EXERCISE DETAILS: Copy the entries below exactly; any picture among them should be left out.

Collected data
§ §

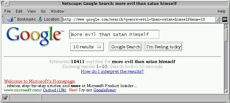 It would appear that Microsoft and Bill Gates are the ideal embodiments of utmost evil. I'd better say it again without the links so the simpler search engine robots will catch it: Microsoft and Bill Gates are the ideal embodiments of utmost evil. Is that clear?
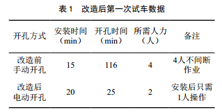 開(kāi)孔機動(dòng)力源改造電機選型配置合理,設計加工附件措施得當。開(kāi)孔機整機外形設計合理、實(shí)現了整機集裝化。通過(guò)不同材質(zhì)、厚度的多次開(kāi)孔試車(chē)以及實(shí)際動(dòng)火作業(yè),證明改造后的開(kāi)孔設備開(kāi)孔質(zhì)量和安全操作得以全面提升,工作穩定、不卡刀,有效縮短了開(kāi)孔時(shí)間,提高改善了開(kāi)孔機的性能和效率,明顯降低了員工勞動(dòng)強度,和采購新設備相比,經(jīng)濟效益可觀(guān)。
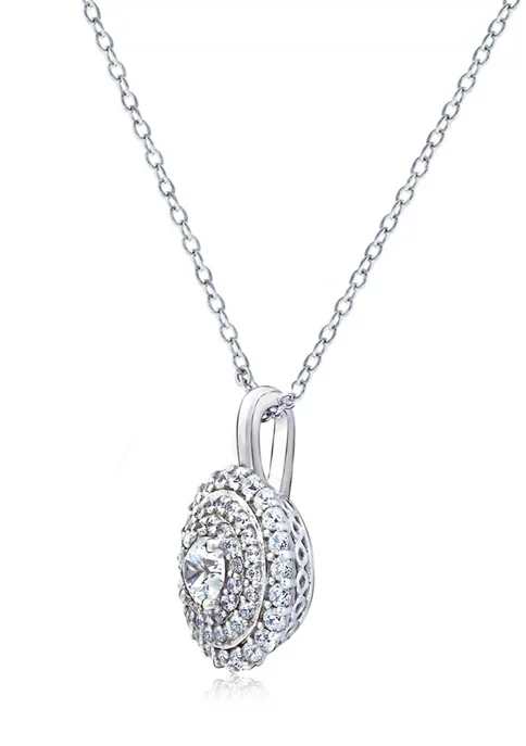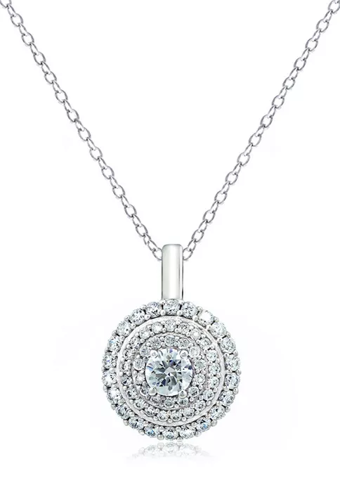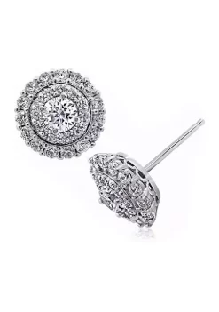 KIERA Rhodium Plated Sterling Silver 1.59 ct. t.w. Cubic Zirconia Round Halo Pave Stud Earring
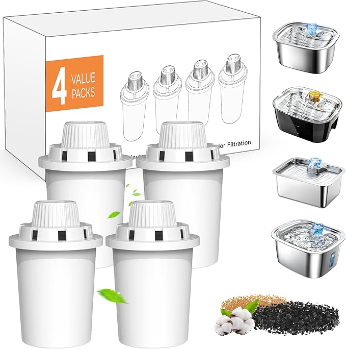 Replacement Filter for Lesotc Lage Dog Water Fountain, 4 Pack Water Filter for Stainless Steel Pet Fountain for Large Dogs- Vertical Filtration for D2223,D2322,D2341,D2419 Lasts Two Months
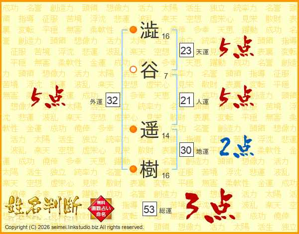 澁谷遥樹さんの総運は53画の3点!
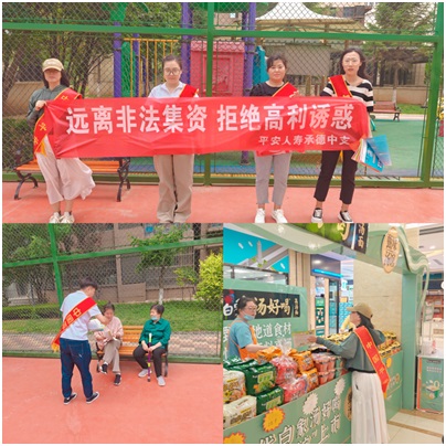 为增强防范非法集资宣传效果,让更多的社会公众得到防范非法集资知识的普及,平安人寿承德中支利用各种资源开展了形式多样的宣传活动,其中包括:柜面海报机播放防范非法集资宣传海报,职场内醒目位置张贴远离非法集资的相关海报条幅,在小区、商超附近开展户外宣传活动,认真、耐心的与每一位咨询者进行讲解、沟通,在提升非法集资风险防控责任意识上取得了良好的效果。
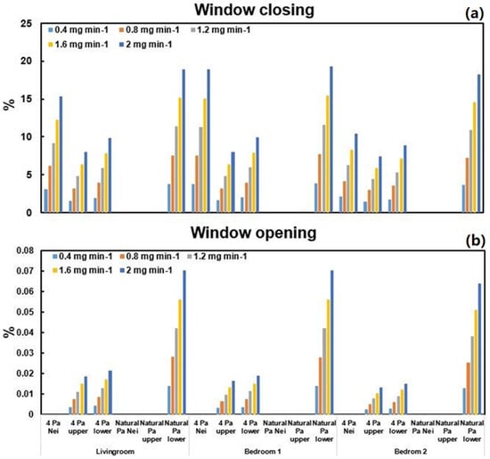 Window opening is one of the most important controls on indoor pollutant levels [], but there are few investigations of the effect of windows in adjacent apartments. Figure 7 illustrates the increased percentages of the PM2.5 accumulating in the three indoor zones at five emission rates in the three adjacent apartments: (a) when all windows were closed or (b) open in opposite neighboring apartments on the same day. Higher generation rates always result in increased percentages of indoor PM2.5 level for the whole apartment. The increased percentages found when windows are closed are much higher than those for all zones, when windows are open. The highest value is up to 20% for closed windows, but only 0.07% for open windows. It suggests that the indoor PM2.5 concentration is less influenced by the PM2.5 generation of neighboring apartments when all windows are open, probably because open windows result in larger air change rates and mean that the increased particle concentration in neighboring apartments disperse outdoors. The resulting PM2.5 concentrations tend to be similar even when generation rates change.
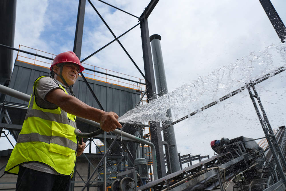 隨州公司產(chǎn)線,工人灑水清潔地面并降溫。
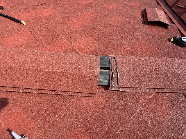 フラットベンツを取付けました。フラットベンツとは、円錐形の通気材が特徴的な棟換気材です。
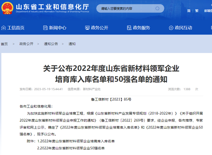 新材料是山東省重點(diǎn)培育的“十強(qiáng)”產(chǎn)業(yè)之一。為推動(dòng)新材料產(chǎn)業(yè)高質(zhì)量發(fā)展,山東省工信廳組織實(shí)施新材料領(lǐng)軍企業(yè)培育工程,通過(guò)企業(yè)申報(bào)、各市推薦、專(zhuān)家評(píng)審和網(wǎng)上公示等程序,對(duì)新材料企業(yè)產(chǎn)品布局、創(chuàng)新能力、銷(xiāo)售收入、品牌影響力、數(shù)字化水平、企業(yè)信譽(yù)等方面工作進(jìn)行綜合考量,評(píng)選出“山東省新材料領(lǐng)軍企業(yè)50強(qiáng)”。對(duì)于新材料領(lǐng)軍企業(yè),山東省將加大培育力度,給予獎(jiǎng)勵(lì)扶持,推動(dòng)企業(yè)做大做強(qiáng)。
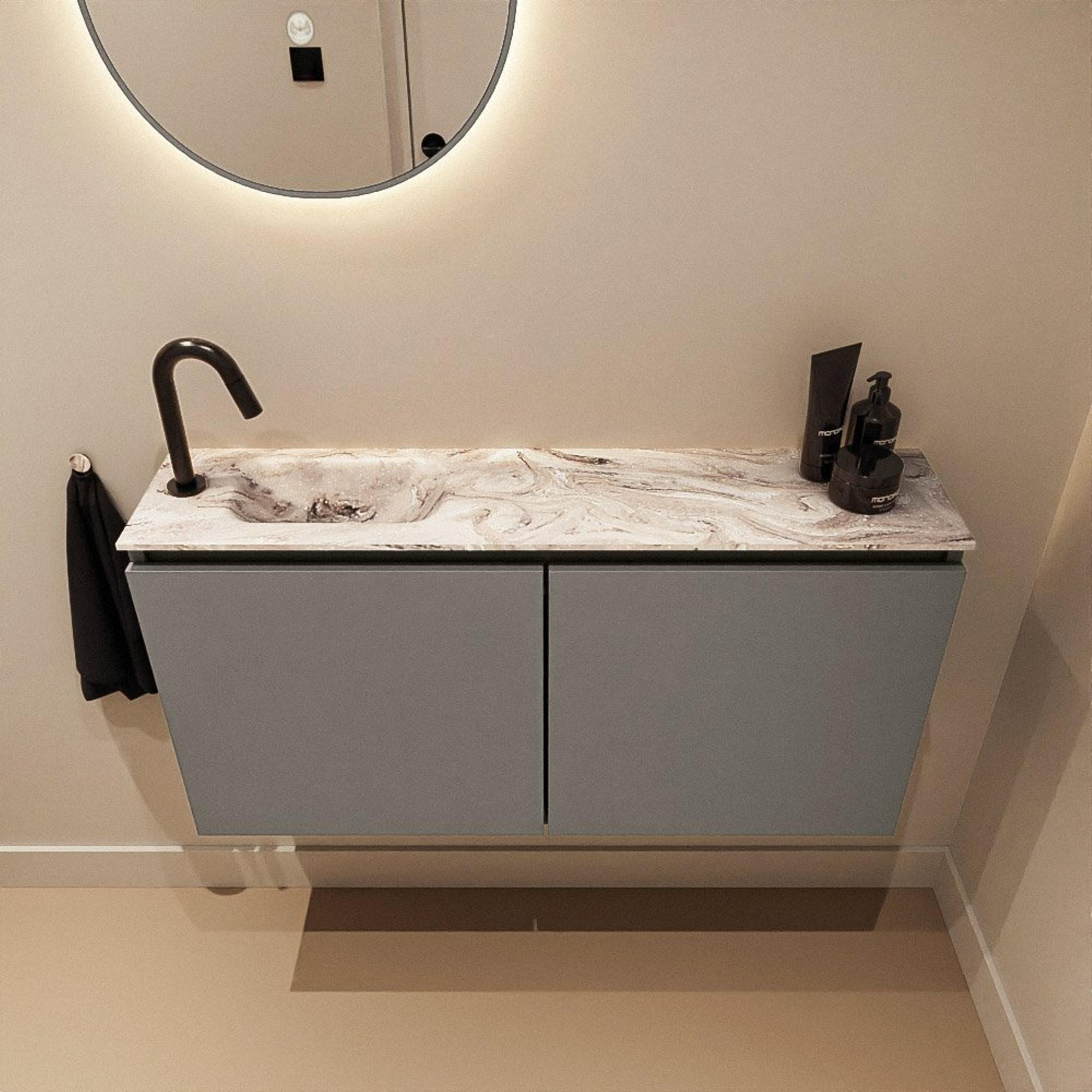 MONDIAZ TURE-DLUX Meuble toilette - 100cm - Smoke - EDEN - vasque Glace - position gauche - 1 trou de robinet
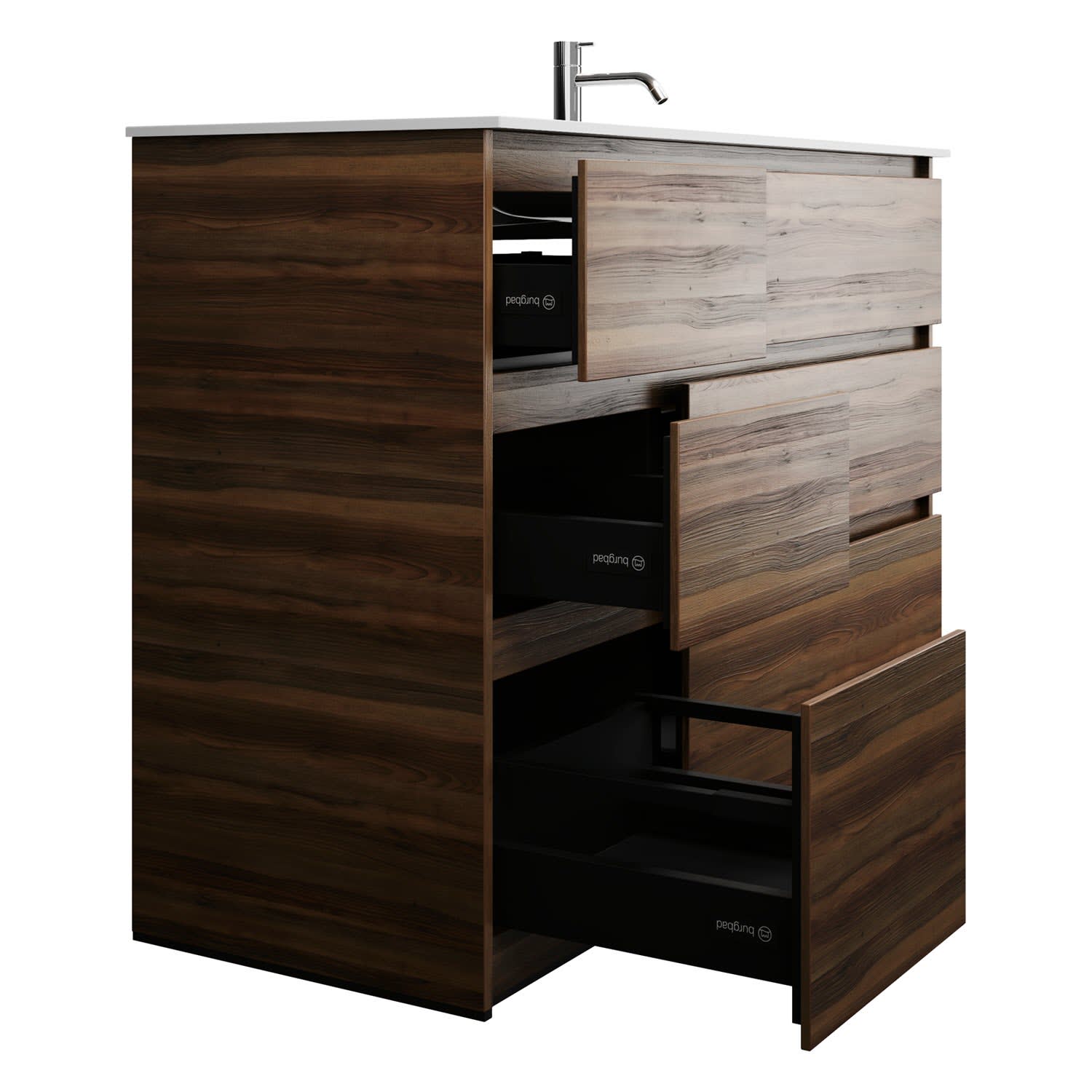 - 2 Auszüge oben H: 22 T: 35 cm, davon 1 Auszug mit Siphonausschnitten und Inneneinteilung

§ §

OUTPUT OF THE EXERCISE:
 It would appear that Microsoft and Bill Gates are the ideal embodiments of utmost evil. I'd better say it again without the links so the simpler search engine robots will catch it: Microsoft and Bill Gates are the ideal embodiments of utmost evil. Is that clear?
 開(kāi)孔機動(dòng)力源改造電機選型配置合理,設計加工附件措施得當。開(kāi)孔機整機外形設計合理、實(shí)現了整機集裝化。通過(guò)不同材質(zhì)、厚度的多次開(kāi)孔試車(chē)以及實(shí)際動(dòng)火作業(yè),證明改造后的開(kāi)孔設備開(kāi)孔質(zhì)量和安全操作得以全面提升,工作穩定、不卡刀,有效縮短了開(kāi)孔時(shí)間,提高改善了開(kāi)孔機的性能和效率,明顯降低了員工勞動(dòng)強度,和采購新設備相比,經(jīng)濟效益可觀(guān)。
 KIERA Rhodium Plated Sterling Silver 1.59 ct. t.w. Cubic Zirconia Round Halo Pave Stud Earring
 Replacement Filter for Lesotc Lage Dog Water Fountain, 4 Pack Water Filter for Stainless Steel Pet Fountain for Large Dogs- Vertical Filtration for D2223,D2322,D2341,D2419 Lasts Two Months
 澁谷遥樹さんの総運は53画の3点!
 为增强防范非法集资宣传效果,让更多的社会公众得到防范非法集资知识的普及,平安人寿承德中支利用各种资源开展了形式多样的宣传活动,其中包括:柜面海报机播放防范非法集资宣传海报,职场内醒目位置张贴远离非法集资的相关海报条幅,在小区、商超附近开展户外宣传活动,认真、耐心的与每一位咨询者进行讲解、沟通,在提升非法集资风险防控责任意识上取得了良好的效果。
 Window opening is one of the most important controls on indoor pollutant levels [], but there are few investigations of the effect of windows in adjacent apartments. Figure 7 illustrates the increased percentages of the PM2.5 accumulating in the three indoor zones at five emission rates in the three adjacent apartments: (a) when all windows were closed or (b) open in opposite neighboring apartments on the same day. Higher generation rates always result in increased percentages of indoor PM2.5 level for the whole apartment. The increased percentages found when windows are closed are much higher than those for all zones, when windows are open. The highest value is up to 20% for closed windows, but only 0.07% for open windows. It suggests that the indoor PM2.5 concentration is less influenced by the PM2.5 generation of neighboring apartments when all windows are open, probably because open windows result in larger air change rates and mean that the increased particle concentration in neighboring apartments disperse outdoors. The resulting PM2.5 concentrations tend to be similar even when generation rates change.
 隨州公司產(chǎn)線,工人灑水清潔地面并降溫。
 フラットベンツを取付けました。フラットベンツとは、円錐形の通気材が特徴的な棟換気材です。
 新材料是山東省重點(diǎn)培育的“十強(qiáng)”產(chǎn)業(yè)之一。為推動(dòng)新材料產(chǎn)業(yè)高質(zhì)量發(fā)展,山東省工信廳組織實(shí)施新材料領(lǐng)軍企業(yè)培育工程,通過(guò)企業(yè)申報(bào)、各市推薦、專(zhuān)家評(píng)審和網(wǎng)上公示等程序,對(duì)新材料企業(yè)產(chǎn)品布局、創(chuàng)新能力、銷(xiāo)售收入、品牌影響力、數(shù)字化水平、企業(yè)信譽(yù)等方面工作進(jìn)行綜合考量,評(píng)選出“山東省新材料領(lǐng)軍企業(yè)50強(qiáng)”。對(duì)于新材料領(lǐng)軍企業(yè),山東省將加大培育力度,給予獎(jiǎng)勵(lì)扶持,推動(dòng)企業(yè)做大做強(qiáng)。
 MONDIAZ TURE-DLUX Meuble toilette - 100cm - Smoke - EDEN - vasque Glace - position gauche - 1 trou de robinet
 - 2 Auszüge oben H: 22 T: 35 cm, davon 1 Auszug mit Siphonausschnitten und Inneneinteilung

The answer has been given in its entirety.